The Documentation/memory-barriers.txt file was written before the need for ACCESS_ONCE() was fully appreciated. It therefore contains no ACCESS_ONCE() calls, which can be a problem when people lift examples from it. This commit therefore adds ACCESS_ONCE() calls.
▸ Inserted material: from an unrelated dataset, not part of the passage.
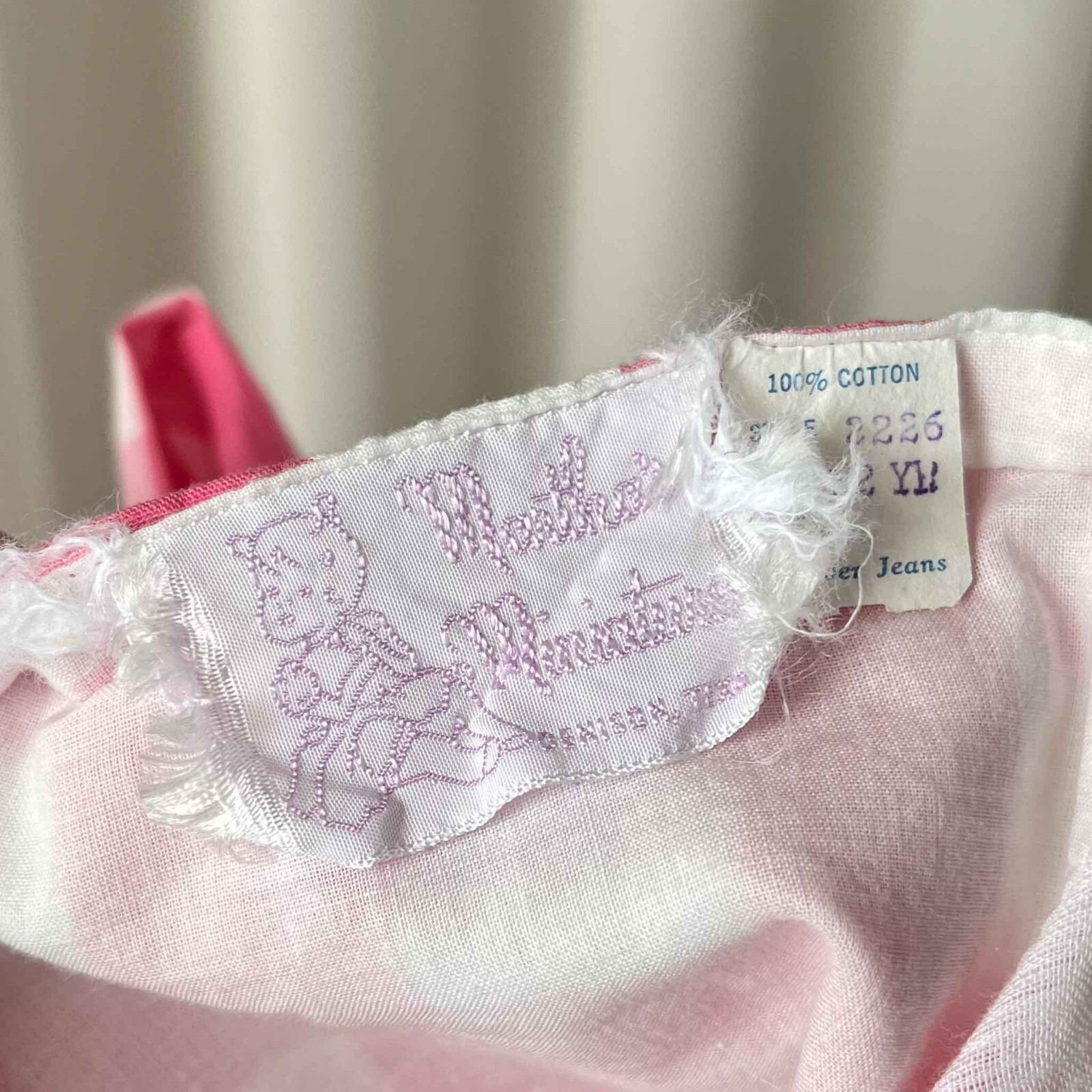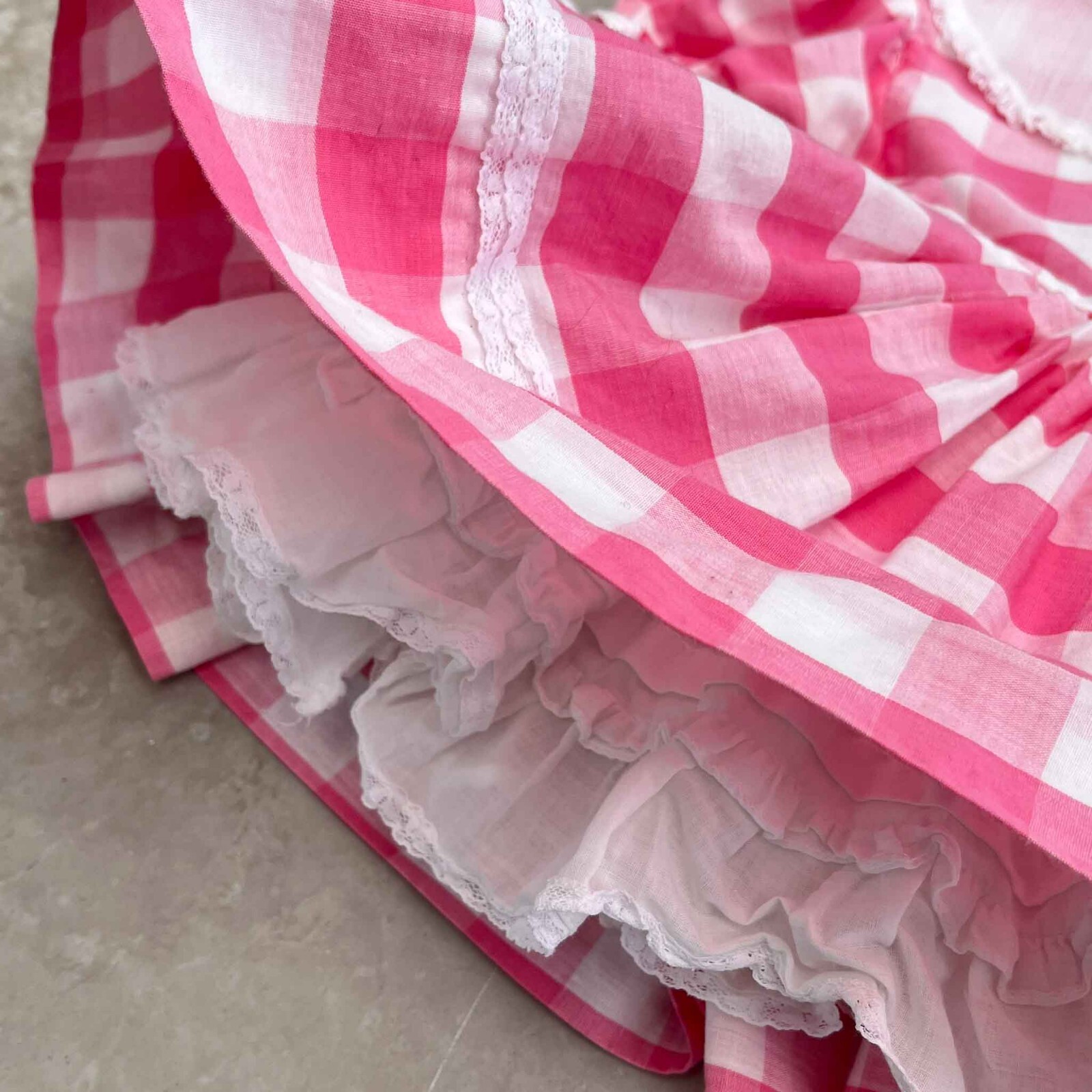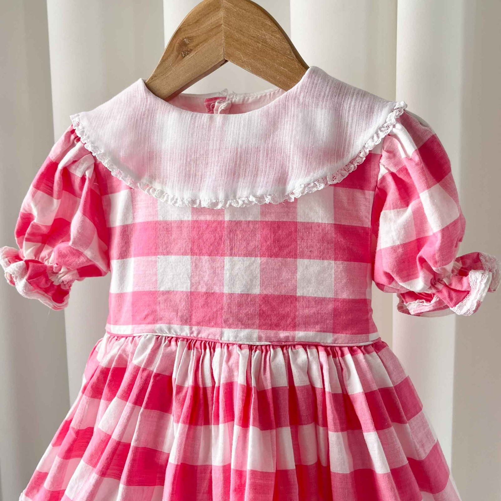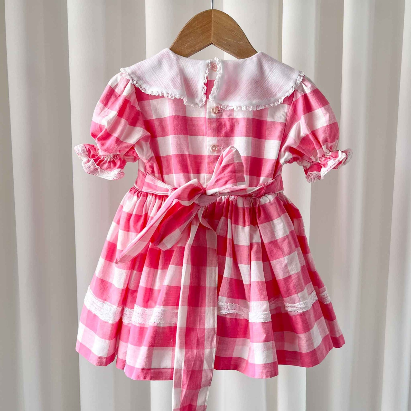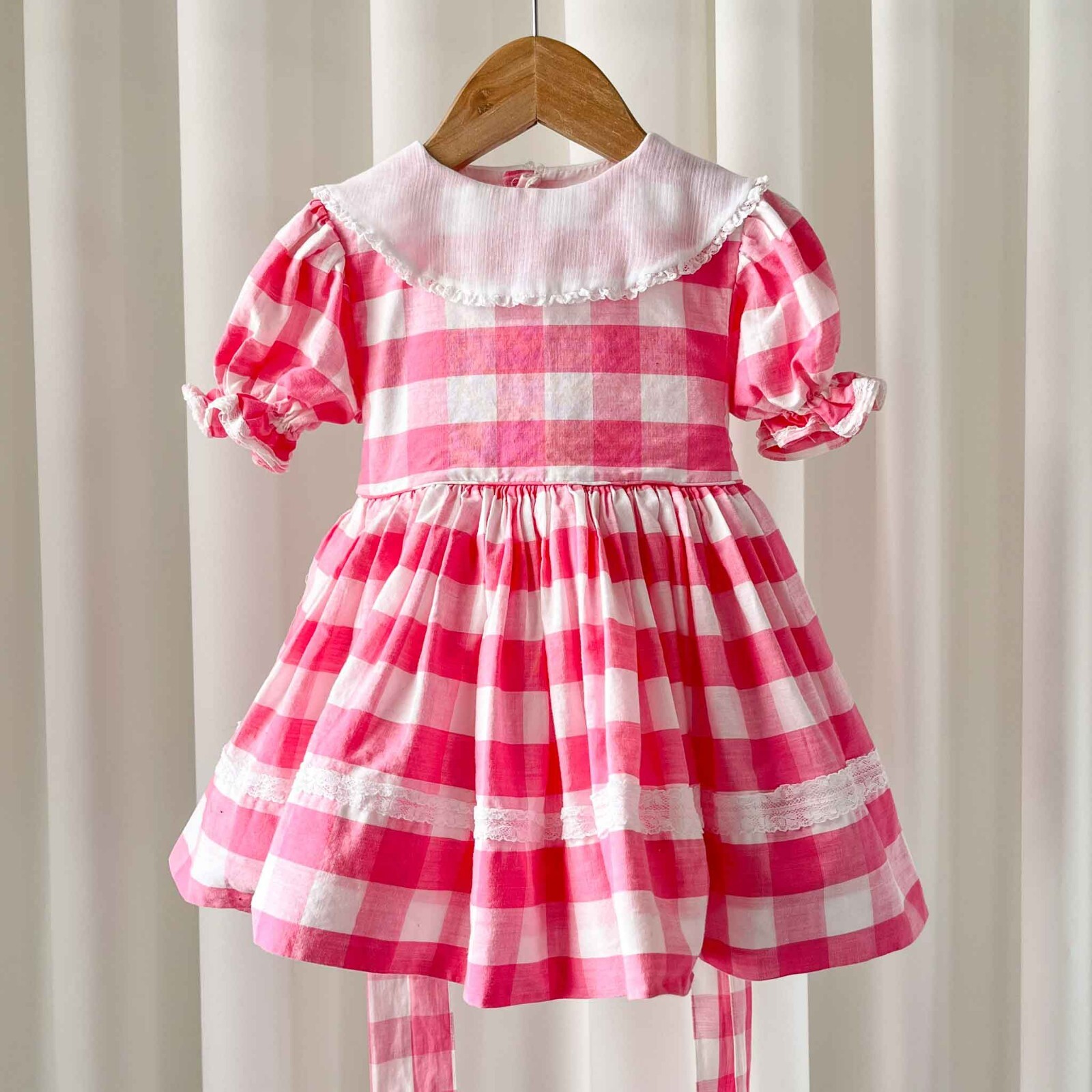 Vintage 80s Martha's Miniatures Pink White Gingham Lace Trim Baby Girls Dress 2T

Signed-off-by: Paul E. McKenney <paulmck@linux.vnet.ibm.com> Reviewed-by: Josh Triplett <josh@joshtriplett.org> Reviewed-by: Peter Zijlstra <a.p.zijlstra@chello.nl> Cc: <linux-arch@vger.kernel.org> Cc: Linus Torvalds <torvalds@linux-foundation.org> Cc: Andrew Morton <akpm@linux-foundation.org> Link: http://lkml.kernel.org/r/1386799151-2219-1-git-send-email-paulmck@linux.vnet.ibm.com Signed-off-by: Ingo Molnar <mingo@kernel.org>
2013-12-11 13:59:04 -08:00 · 2013-12-11 13:59:04 -08:00 · 2ecf810121
--- a/Documentation/memory-barriers.txt
+++ b/Documentation/memory-barriers.txt
@ -194,18 +194,22 @@ There are some minimal guarantees that may be expected of a CPU:
 (*) On any given CPU, dependent memory accesses will be issued in order, with
     respect to itself.  This means that for:

-	Q = P; D = *Q;
+	ACCESS_ONCE(Q) = P; smp_read_barrier_depends(); D = ACCESS_ONCE(*Q);

     the CPU will issue the following memory operations:

 	Q = LOAD P, D = LOAD *Q

-     and always in that order.
+     and always in that order.  On most systems, smp_read_barrier_depends()
+     does nothing, but it is required for DEC Alpha.  The ACCESS_ONCE()
+     is required to prevent compiler mischief.  Please note that you
+     should normally use something like rcu_dereference() instead of
+     open-coding smp_read_barrier_depends().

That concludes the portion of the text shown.